What criteria should we use to determine if accounts are not collectible and, therefore, should not be recorded as revenue under the new revenue recognition standards?

Developing a policy to predict whether future assessments (or other revenue) is collectible involves significant management judgement.  There is no right or wrong way to develop an estimate for a revenue recognition policy to determine uncollectible assessments.  We suggest the Association consider including member accounts that are in bankruptcy or foreclosure at the beginning of the year as accounts that are uncollectible.  The important step is for each Association to have a written policy.


How should we handle recording other revenue, such as late fees, legal fees, etc.?

We recommend the Association follow the policy developed above.  If the policy states that revenue from members in bankruptcy or foreclosure should be considered uncollectible, then other revenue due from this member would also be considered uncollectible and not recorded as revenue under the revenue recognition standard.


If our financial statements are on a cash basis, does this new standard apply?

Yes, this new standard applies in that you need to develop a policy for determining when assessments are not collectible.  The auditor will need this policy to convert the financial statements from cash to accrual.  But, nothing will change in how you record revenue in the Association’s monthly cash basis financial statements.


Should assessments for reserves be deferred?

No, assessments for reserves should be recorded in the financial statements as assessed and should not be deferred.


How should special assessments be recorded?

Please provide us with the notice the Association sent to its members to notify them of the special assessment.  We can help the Association determine how this revenue should be recorded.

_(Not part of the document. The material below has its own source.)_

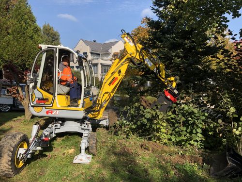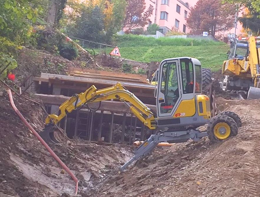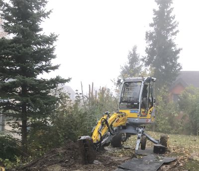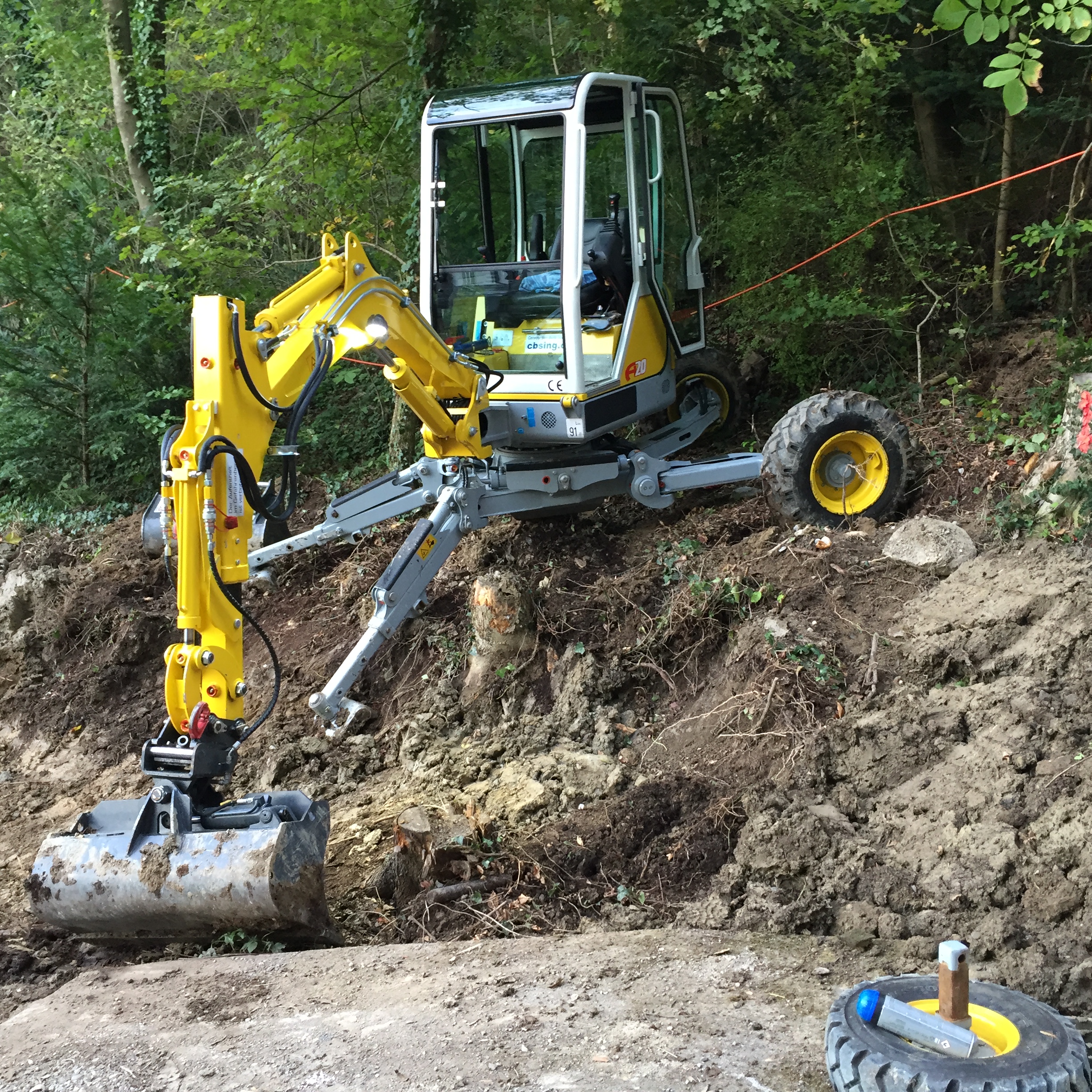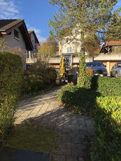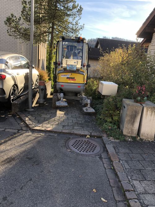 Wir können Ihnen mit der optimalsten Maschine, für enge Verhältnisse, dem 2,5to Schreitbagger Menzi Muck, dienen

Can you write the revenue recognition policy for us?

No, our firm cannot write the revenue recognition policy for the Association, as we need to remain independent to be able to audit the Association’s financial statements.  We can offer guidance and recommendations.


Do we still need an allowance for doubtful assessments?

Yes.  The Association should continue to evaluate the adequacy of the allowance for doubtful assessments in conjunction with its policy.  However, member assessments and other income that did not meet the revenue recognition criteria would be in the contra receivable account and not included in the allowance.